▸ TASK TO CARRY OUT
Each line below from the line with "添加引用头 #include <vld.h>" to the line with "2009级生物学硕士校友、上" must be copied exactly, including those two, and no picture may appear in the copy.

▸ RECORDS SUPPLIED
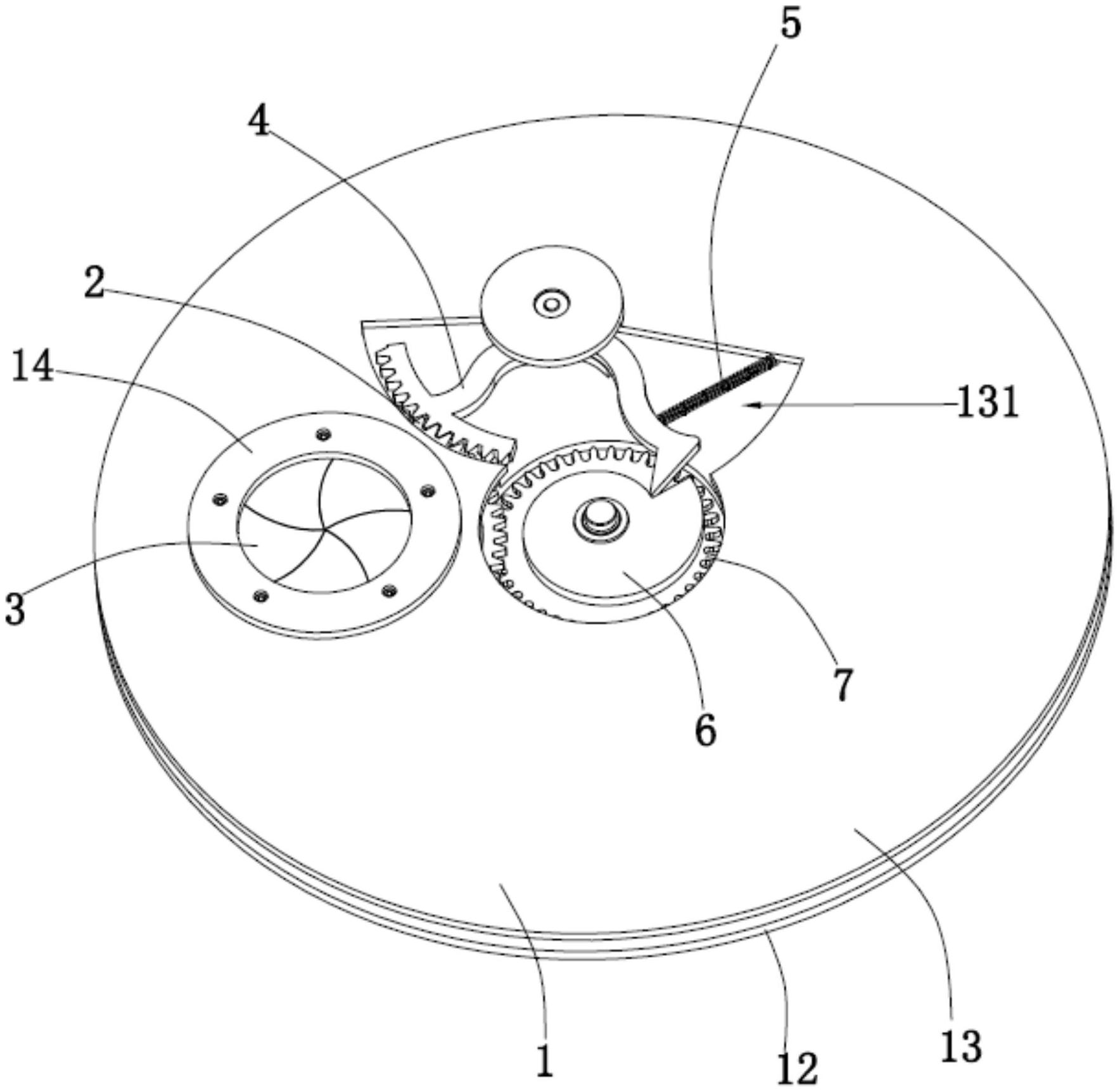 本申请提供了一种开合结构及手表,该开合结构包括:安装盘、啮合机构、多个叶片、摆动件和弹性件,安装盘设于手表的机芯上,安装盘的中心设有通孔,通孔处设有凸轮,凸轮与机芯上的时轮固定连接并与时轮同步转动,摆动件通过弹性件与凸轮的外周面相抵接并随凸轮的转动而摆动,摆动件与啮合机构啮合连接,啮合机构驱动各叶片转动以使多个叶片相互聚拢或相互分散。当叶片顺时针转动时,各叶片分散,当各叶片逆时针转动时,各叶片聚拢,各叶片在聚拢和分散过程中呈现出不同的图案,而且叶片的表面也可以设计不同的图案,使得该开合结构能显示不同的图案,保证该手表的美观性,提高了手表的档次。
==
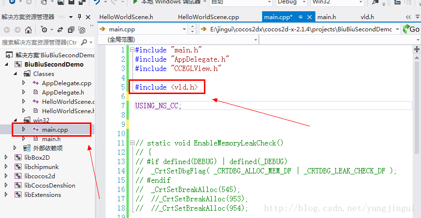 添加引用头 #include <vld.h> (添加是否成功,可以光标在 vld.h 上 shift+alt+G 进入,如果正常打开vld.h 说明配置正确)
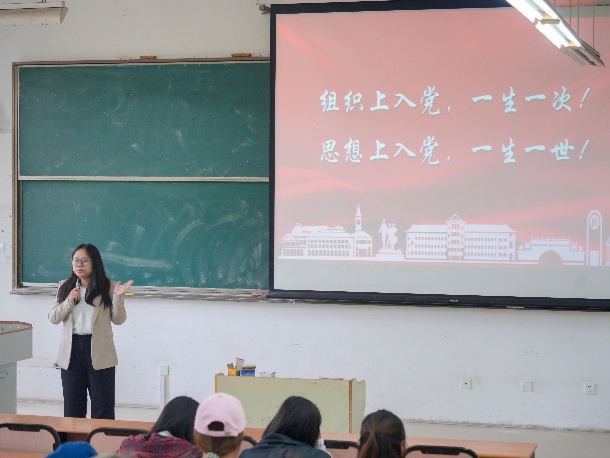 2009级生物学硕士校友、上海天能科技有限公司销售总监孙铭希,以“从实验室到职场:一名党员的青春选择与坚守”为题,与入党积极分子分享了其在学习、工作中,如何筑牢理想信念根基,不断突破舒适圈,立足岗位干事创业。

▸ SOLUTION BELOW
 添加引用头 #include <vld.h> (添加是否成功,可以光标在 vld.h 上 shift+alt+G 进入,如果正常打开vld.h 说明配置正确)
 2009级生物学硕士校友、上海天能科技有限公司销售总监孙铭希,以“从实验室到职场:一名党员的青春选择与坚守”为题,与入党积极分子分享了其在学习、工作中,如何筑牢理想信念根基,不断突破舒适圈,立足岗位干事创业。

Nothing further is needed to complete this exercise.